How to Fund Your Startup

There are a lot of different ways to finance a startup. You could save up your own money and bootstrap the business. You could borrow money from family and friends. You could even invest some funds from your 401(k) account. But for many businesses, the choice comes down to taking out a loan or raising investor capital.

The financial path you choose will affect how you run your business in some way, so you should not make this decision lightly. Borrowing and fundraising both have their pros and cons, and the best option for you depends heavily on the type of business you run and what you need the money for.

Finance and business experts shared the advantages and disadvantages of loans versus fundraising, and weighed in how to make the right choice for your business.

A loan is one of the most cost-effective ways to fund your business, said Jay DesMarteau, head of small business banking at TD Bank.

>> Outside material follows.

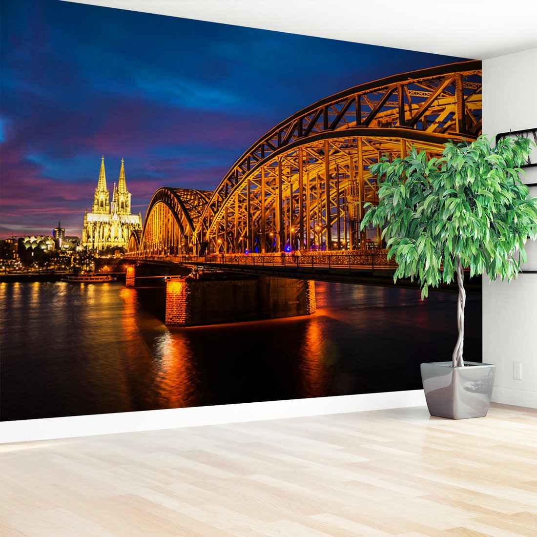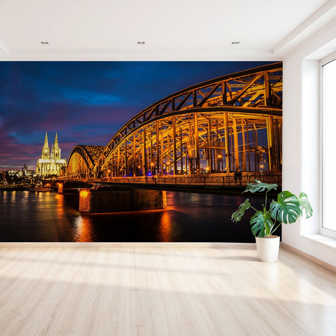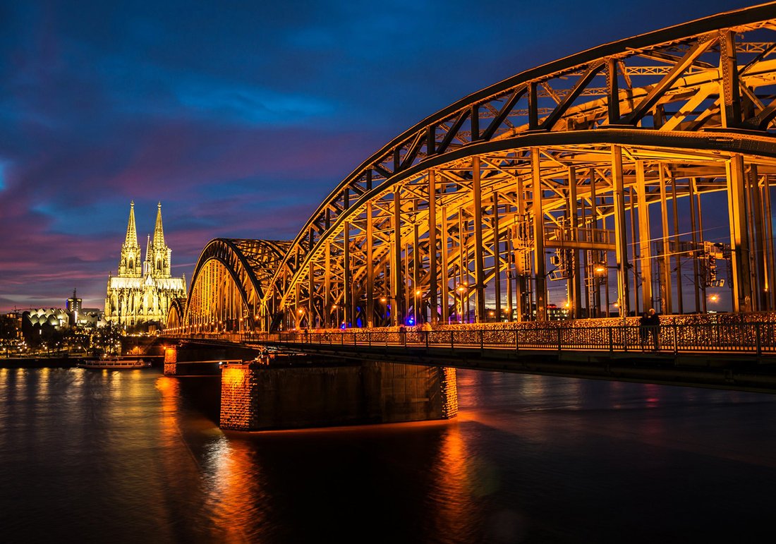 Nadaj swojemu wnętrzu unikalny charakter i głębię dzięki naszej fototapecie z motywem most, Kolonia, noc. Ta imponująca dekoracja ścienna to połączenie nowoczesnego designu i zapierającego dech w piersiach motywu, które całkowicie odmieni Twoje pomieszczenie

If you obtain your loan through a bank or SBA (Small Business Administration) lender, you’ll usually have a lower interest rate than on a personal loan. You may even enjoy some tax benefits. Taking out a loan also gives you the opportunity to build up your business’s credit score as you repay the loan.

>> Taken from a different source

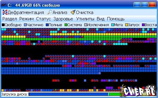 Миниатюрный дефрагментатор, почти ничем не уступающий признанным лидерам - O&O Defrag и Perfect Disk. Работает также быстро, а результат его трудов - полностью дефрагментированный диск. Оптимизируется в том числе и свободное место, дабы избежать быстрой фрагментации в будущем. Благодаря встроенному планировщику дефрагментацию можно автоматизировать. Русский язык есть.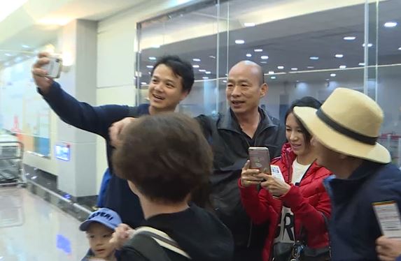 一到了機場,不只大批媒體守候,就連許多民眾瞬間都化身為粉絲,宛如是偶像明星,還有一家人爸爸媽媽以及小孩都是韓粉,希望能跟韓國瑜來張合照,親和力十足的韓市長當然是來者不拒。

DesMarteau noted that the biggest advantage of a loan is retaining full ownership of your company, which won’t happen if you take on investors (more information on that below).


If you’re looking to get a traditional bank or SBA loan, the application process is very lengthy, said Jay Chang, co-founder of the personal growth and leadership resource, Achieve Iconic. You’ll also need to satisfy a long list of prerequisites, which often includes being an established business, rather than a new venture. Chang noted that loans also mean you risk losing collateral if you can’t pay off the loan.

Although alternative lenders often have much quicker approval and funding processes, they also typically charge high interest rates for that convenience. Evan Singer, general manager of SBA loan provider SmartBiz, warned business owners that while “fast financing” offers may help in a pinch, they may not be a good longer-term strategy due to the higher rates.

In some cases, both traditional and alternative lenders will put restrictions on what you can use your loan for.